動物園の乗り物で笑顔を見せる河本千奈ちゃん。明るくて活発な女の子だった=2022年8月、静岡市内(両親提供)
動物園の乗り物で笑顔を見せる河本千奈ちゃん。明るくて活発な女の子だった=2022年8月、静岡市内(両親提供)

 「これで幼稚園に行けるかなあ」
 親戚にプレゼントされたアンパンマンのポシェットを手に、にんまりとほほ笑む河本千奈ちゃん=当時(3)=。父のスマートフォンには、家の中で楽しそうに“登園ごっこ”をする千奈ちゃんの姿が残っている。
 「先生のところに行こうっと」
 おどけてちょこちょこと歩いたふりをした後、先生へのあいさつを元気よく練習した。
 「おはようございます!」
 2022年4月に川崎幼稚園に入園した千奈ちゃん。一度も登園を嫌がることはなかった。寝起きが悪い朝でも、「幼稚園に行けなくなるよ」と両親が声をかければ、眠い目をこすりながら寝室から出てきた。
 天真爛漫(らんまん)な性格は園の職員や年少クラスのお友達を和ませた。園庭の散水機でびしょぬれになりながら遊び回り、体操服を借りて帰宅した。給食を持って担任と副担任の間に座り、「先生、食べさせて」と甘える一面もあった。
 幼稚園生活の中でも特に好きだったのが、朝と帰りの送迎バス。家族で出かけると、バスの道順を覚えていた千奈ちゃんが「ここは○○ちゃんのおうち」と同級生の家の前を通るたびに教えてくれた。

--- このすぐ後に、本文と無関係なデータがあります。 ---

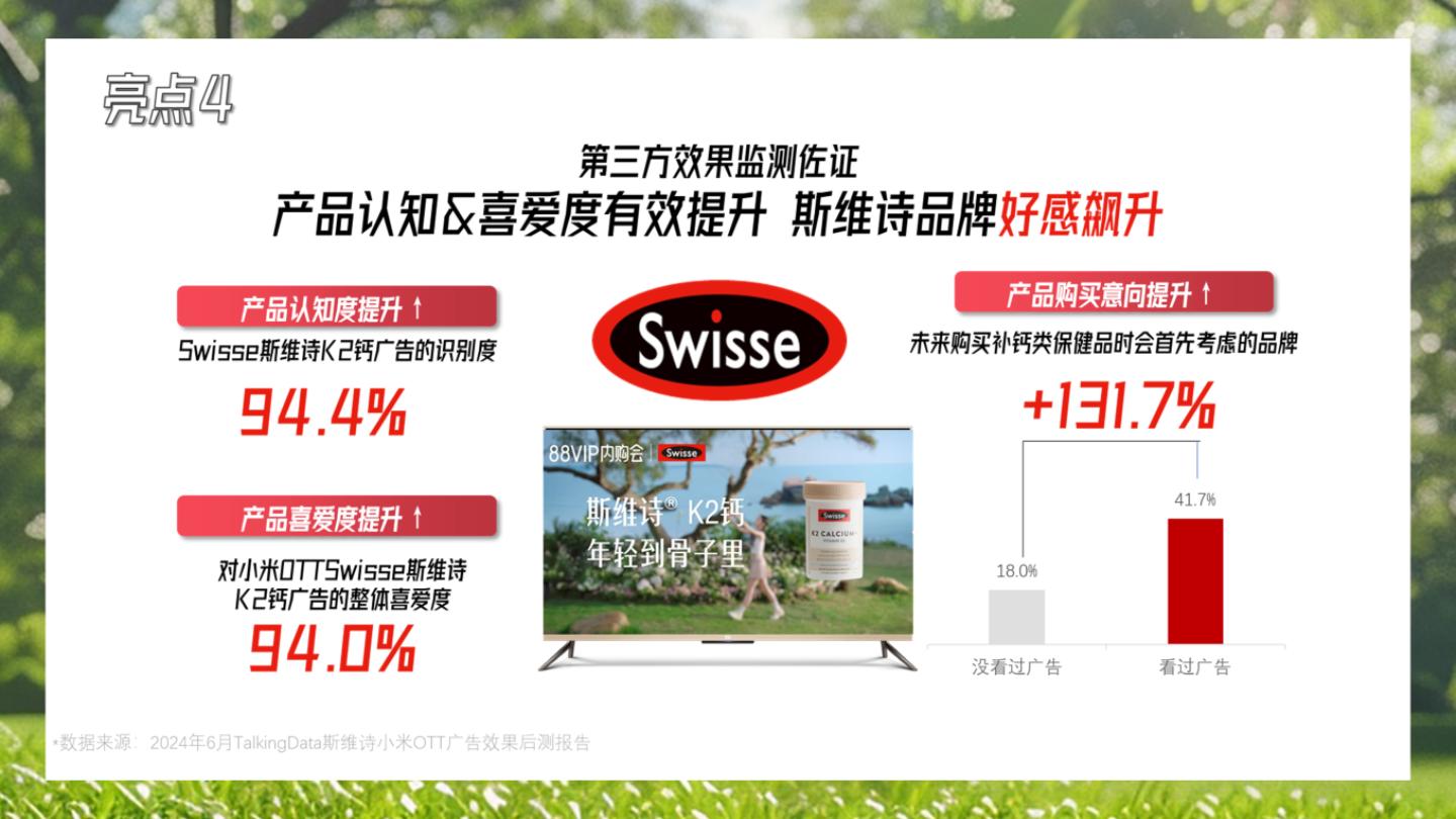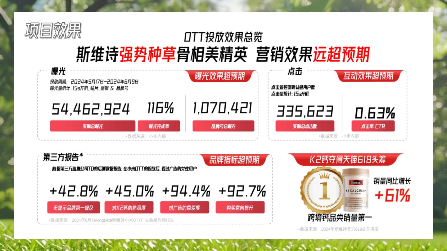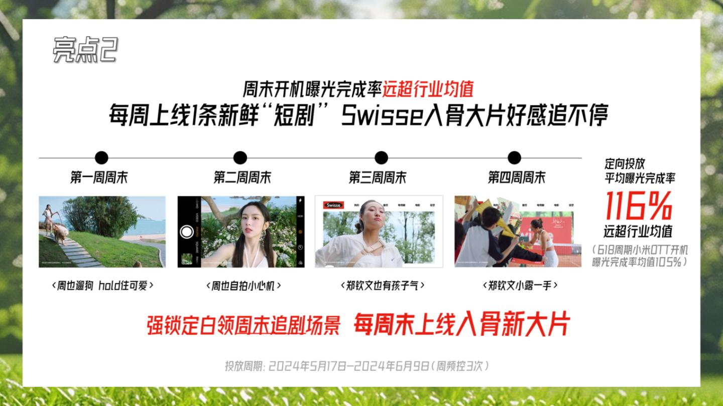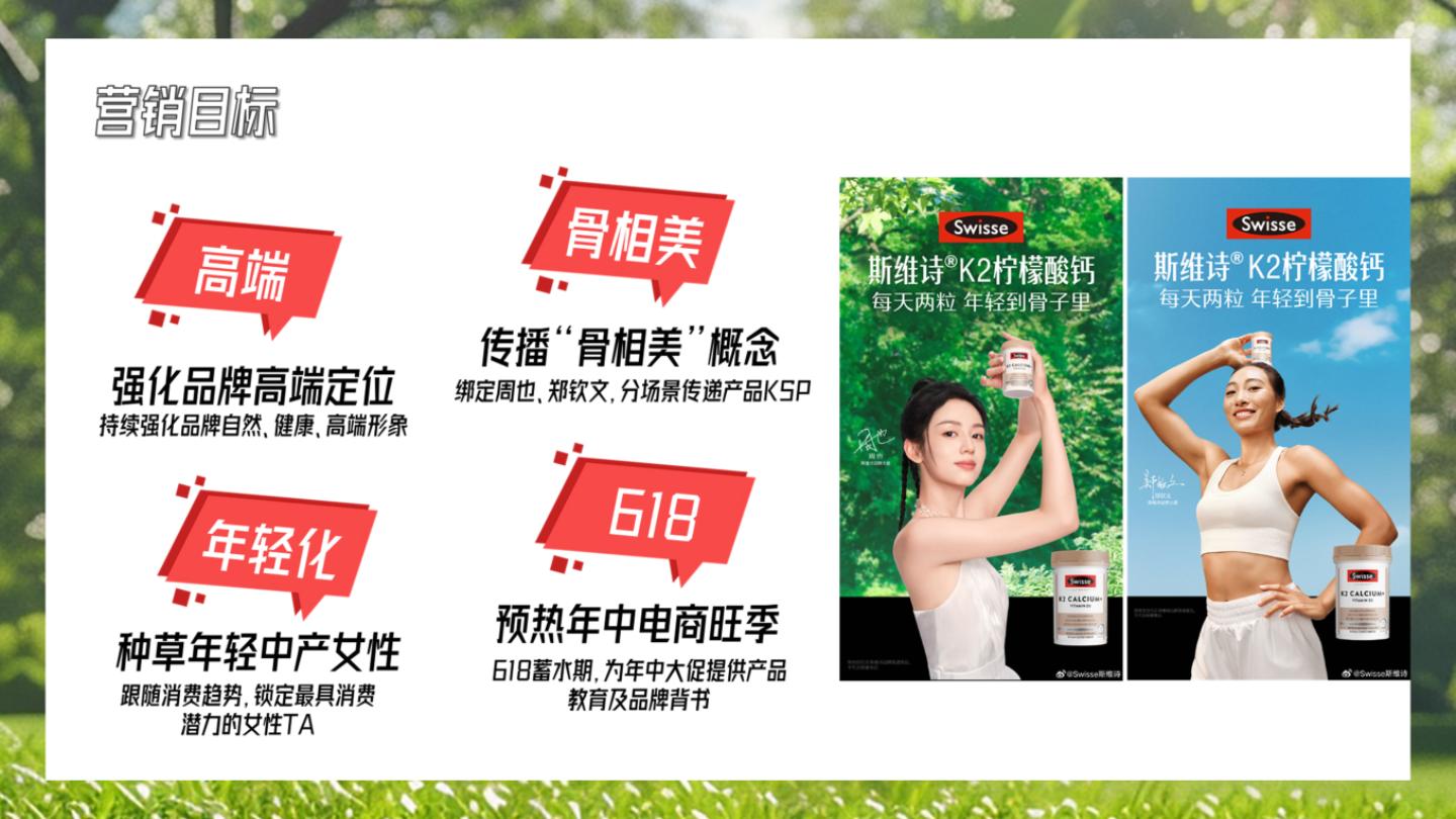 【强化高端定位】选择小米OTT提高投放质量与环境。签约品牌形象大使郑钦文和周也,利用明星形象传递Swisse高端和专业形象。

 ただ、父は2学期からバスの利用をやめることも考えていた。2人目の子を妊娠していた妻が送迎する負担を考えて利用し始めたが、もともと自宅から幼稚園は歩ける距離。朝はバスに乗って数分で園に着く一方、帰りは他の子が降りるのを見ながら30分ほど揺られて最後に降りる。娘にとってバスが退屈な時間になっていないか心配だった。
 9月4日の夜。父は夕飯の時間に尋ねた。
 「バス、帰りは長い時間乗ってるけど、楽しい?」
 「楽しい」
 「けど、一番最後まで乗ってるよね。1人になるまで。それでも楽しいの?」
 「楽しい」
     ◇
 翌5日の午前7時半ごろ。父はまな娘の寝顔に「行ってくるよ」と心の中で声をかけ、仕事に向かった。千奈ちゃんが起きたのは30分後。朝食はチョコクリームを塗ったパンにリンゴ、牛乳、チーズ、イチゴ味のヨーグルト。食べている間に妻が髪の毛を三つ編みにした。
 この朝、制服のブラウスのボタンを初めて自分で全部留めることができた。
 「できたじゃん!」
 妻は思わず声を上げた。
 玄関で靴を履き、家の前に出る。園の「きりんバス」が来た。運転手の白髪が見えた。
 「いつもと違う。園長かな」
 妻はそれほど気にも留めず、いつも通り「お願いします」と頭を下げて娘を預けた。